Why had his heart suddenly sped up? "Your…real mother?" She hesitated, as if unsure she wanted to answer his question, so Loki added, "I mean no disrespect, but I would like to understand you better." Anything, so long as she kept talking.

"My dad—my biological dad—left my mom when she got pregnant with me. That's when he told her that he was a mutant, so Theo and I would probably be mutants, too, and he didn't want to bring anymore mutants into the world the way it was. My biological mom…freaked out. She hadn't known my dad was a mutant. When Theo and I were born, she dumped us on the steps of a local cathedral with a letter to the archdeacon explaining everything. Theo and I got adopted when we were two by my mom and her husband.

"When our oldest brother, who's also adopted, developed mutant powers when I was five or six, my mom's husband turned psycho. Said he couldn't handle having a real freak living in his house. Like the rest of us were hypothetical freaks or something. He put my brother in the hospital," she added bitterly. "So my mom divorced his ass and took us to New York, enrolled my brother in this special school for mutants where they could learn to control their powers. Theo and I ended up there, too, when we got old enough. That's how my mom met Phil. He was checking the place out for his job and she was there for a parent-teacher meeting for me."

He couldn't think about this girl's story any longer. Couldn't think about how she, too, had been abandoned as a baby at a temple where anything could have happened to her, where she could have died, and all because she wasn't what her parents wanted her to be, and how she was taken in by another family, as he had been. Too much, they had too much in common. He couldn't afford to think of what Odin had revealed that day in the Treasure Room about Loki's history. He had to think of something else.

"Tell me about your mother," Loki said, grasping for straws. "What does she look like? What does she do? What is her trade?"

"She's beautiful," Thea said wistfully. "I wish I looked like her. Blond, but she keeps her hair short 'cause she doesn't want to look like Rapunzel or whatever. Except she looks like Tinkerbelle instead when she wears green. I tried to tell her, but…anyway. Blue eyes, like mine, but they don't have any gray in them like mine do. She's a musician. Plays the piano and the cello. What about you? Do you have any family?"
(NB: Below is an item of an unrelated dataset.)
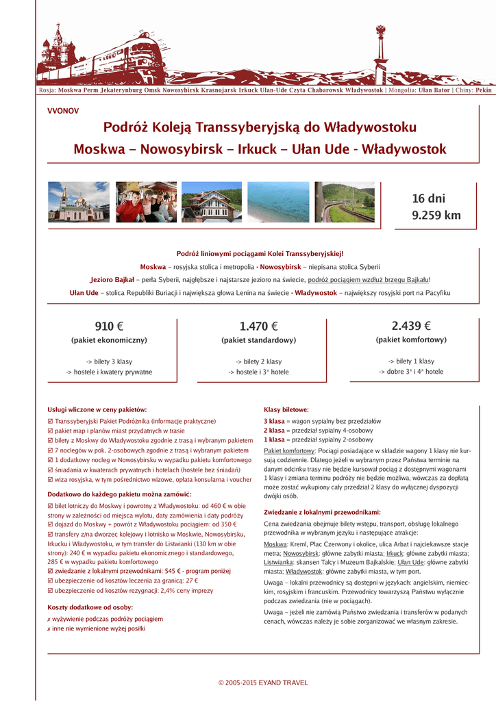 VVONOV Podróż Koleją Transsyberyjską do Władywostoku Moskwa – Nowosybirsk – Irkuck – Ułan Ude - Władywostok 16 dni 9.259 km Podróż liniowymi pociągami Kolei Transsyberyjskiej! Moskwa – rosyjska stolica i metropolia · Nowosybirsk – niepisana stolica Syberii Jezioro Bajkał – perła Syberii, najgłębsze i najstarsze jezioro na świecie, podróż pociągiem wzdłuż brzegu Bajkału! Ułan Ude – stolica Republiki Buriacji i największa głowa Lenina na świecie · Władywostok – największy rosyjski port na Pacyfiku 1.470 € 2.439 € (pakiet standardowy) (pakiet komfortowy) 910 € (pakiet ekonomiczny) -> bilety 3 klasy -> bilety 2 klasy -> bilety 1 klasy -> hostele i kwatery prywatne -> hostele i 3* hotele -> dobre 3* i 4* hotele Usługi wliczone w ceny pakietów: Klasy biletowe: ☑ Transsyberyjski Pakiet Podróżnika (informacje praktyczne) 3 klasa = wagon sypialny bez przedziałów 2 klasa = przedział sypialny 4-osobowy 1 klasa = przedział sypialny 2-osobowy ☑ pakiet map i planów miast przydatnych w trasie ☑ bilety z Moskwy do Władywostoku zgodnie z trasą i wybranym pakietem ☑ 7 noclegów w pok. 2-osobowych zgodnie z trasą i wybranym pakietem ☑ 1 dodatkowy nocleg w Nowosybirsku w wypadku pakietu komfortowego ☑ śniadania w kwaterach prywatnych i hotelach (hostele bez śniadań) ☑ wiza rosyjska, w tym pośrednictwo wizowe, opłata konsularna i voucher Dodatkowo do każdego pakietu można zamówić: ☑ bilet lotniczy do Moskwy i powrotny z Władywostoku: od 460 € w obie strony w zależności od miejsca wylotu, daty zamówienia i daty podróży ☑ dojazd do Moskwy + powrót z Władywostoku pociągiem: od 350 € Pakiet komfortowy: Pociągi posiadające w składzie wagony 1 klasy nie kursują codziennie. Dlatego jeżeli w wybranym przez Państwa terminie na danym odcinku trasy nie będzie kursował pociąg z dostępnymi wagonami 1 klasy i zmiana terminu podróży nie będzie możliwa, wówczas za dopłatą może zostać wykupiony cały przedział 2 klasy do wyłącznej dyspozycji dwójki osób. Zwiedzanie z lokalnymi przewodnikami: ☑ transfery z/na dworzec kolejowy i lotnisko w Moskwie, Nowosybirsku, Cena zwiedzania obejmuje bilety wstępu, transport, obsługę lokalnego przewodnika w wybranym języku i następujące atrakcje: Irkucku i Władywostoku, w tym transfer do Listwianki (130 km w obie strony): 240 € w wypadku pakietu ekonomicznego i standardowego, 285 € w wypadku pakietu komfortowego ☑ zwiedzanie z lokalnymi przewodnikami: 545 € - program poniżej Moskwa: Kreml, Plac Czerwony i okolice, ulica Arbat i najciekawsze stacje metra; Nowosybirsk: główne zabytki miasta; Irkuck: główne zabytki miasta; Listwianka: skansen Talcy i Muzeum Bajkalskie; Ułan Ude: główne zabytki miasta; Władywostok: główne zabytki miasta, w tym port. ☑ ubezpieczenie od kosztów leczenia za granicą: 27 € Uwaga – lokalni przewodnicy są dostępni w językach: angielskim, niemieckim, rosyjskim i francuskim. Przewodnicy towarzyszą Państwu wyłącznie podczas zwiedzania (nie w pociągach). ☑ ubezpieczenie od kosztów rezygnacji: 2,4% ceny imprezy Koszty dodatkowe od osoby: ✗ wyżywienie podczas podróży pociągiem Uwaga – jeżeli nie zamówią Państwo zwiedzania i transferów w podanych cenach, wówczas należy je sobie zorganizować we własnym zakresie. ✗ inne nie wymienione wyżej posiłki © 2005-2015 EYAND TRAVEL Czeka Państwa ponad 2-tygodniowa podróż, w tym przejazd liniowymi pociągami Kolei Transsyberyjskiej. Oznacza to 9.259 km ciekawej trasy prowadzącej przez Syberię, wysokogórskie krajobrazy Uralu, liczne syberyjskie metropolie i wioski. Przez około 100 km trasa prowadzi wzdłuż brzegu Bajkału – wybraliśmy takie połączenie kolejowe, które umożliwia podziwianie tego przepięknego odcinka w ciągu dnia. Od Irkucka zaczyna się jeden z najciekawszych i najbardziej zmiennych krajobrazowo odcinków trasy Kolei Transsyberyjskiej o długości około 4.000 km. Trasa prowadzi początkowo przez piękną i ciekawą rosyjską Republikę Buriacji, a następnie przez niemalże niezaludnione tereny Dalekiego Wschodu. To tutaj zaczynają się największe serpentyny, dzięki którym możliwe jest fotografowanie pociągu na tle pięknych krajobrazów. Pociąg przejeżdża przez liczący ponad 2,5 km most na rzece Amur – najdłuższy na trasie Kolei Transsyberyjskiej. W trasie będzie okazja do zawarcia nowych znajomości, zapoznania się z inną kulturą i zrobienia pięknych zdjęć. Na peronach stacji pośrednich będą Państwo mieli okazję spróbowania świeżych regionalnych przysmaków. Podczas podróży przewidziane są postoje w wybranych ciekawych miejscowościach na trasie: Nowosybirsku, Irkucku i Ułan Ude oraz pobyt na łonie natury – nad Jeziorem Bajkał w miejscowości Listwianka, gdzie będzie możliwość skosztowania bajkalskiego specjału – wędzonej ryby omul i skorzystania z tradycyjnej sauny rosyjskiej – banji. Przebieg trasy Moskwa Transsib: 10 dzień: Podróż pociągiem wzdłuż brzegu Bajkału do Ułan Ude (odjazd rano, przyjazd późnym popołudniem), nocleg w Ułan Ude. 1 dzień: Przyjazd do Moskwy, nocleg. Ułan Ude 2 dzień: Zwiedzanie Kremla, Placu Czerwonego i okolic oraz słynnej historycznej ulicy Arbat znanej z piosenek Bułata Okudżawy, przy której zamieszkiwał także Aleksander Puszkin. Wycieczka do najciekawszych stacji metra, podczas której zobaczą Państwo wybrane najciekawsze stacje i przekonają się dlaczego określane są one mianem podziemnych pałaców. 11 dzień: Zwiedzanie Ułan Ude, w tym słynnego pomnika – największej głowy Lenina na świecie. Po południu odjazd pociągiem do Władywostoku. 3 dzień: Czas wolny. Wieczorem odjazd pociągiem do Nowosybirska. Transsib: 4-5 dzień: Podróż pociągiem. Nowosybirsk 6 dzień: Przyjazd do Nowosybirska wcześnie rano. Zwiedzanie głównych atrakcji miasta, w tym Katedry Aleksandra Newskiego i Dworca Głównego

After a long pause, Loki whispered, "No. They…no, I do not." He would never see his family again. Better to resign himself to that fact now, before it could be used against him further.

"Oh. I'm sorry." There was an awkward silence in the conversation, then suddenly Thea said, "Hey, come here for a second. Flash your light so I can see your face." Curious, he did as she asked. Her eyes widened as they peered through the hole in the wall. "Wow."

Loki blinked. "What?"

"Don't take this the wrong way or anything, 'cause I know this is sort of coming out of nowhere, but you have the most beautiful green eyes I have
 ever seen." When Loki only stared at her, unsure if he'd heard her correctly, she laughed a little self-consciously. "And I totally just made this awkward, didn't I? Sorry. Comes from being around teenagers, day in and day out. Sometimes I just say whatever's in my head. Sorry. So…you're an alien. You wouldn't happen to be from Mars, would you? Because that would be really cool. My students will flip when I get home if I tell them I met a Martian. Please, please tell me you're from Mars and I will love you forever."

And somehow, though he didn't know where it came, Loki actually laughed.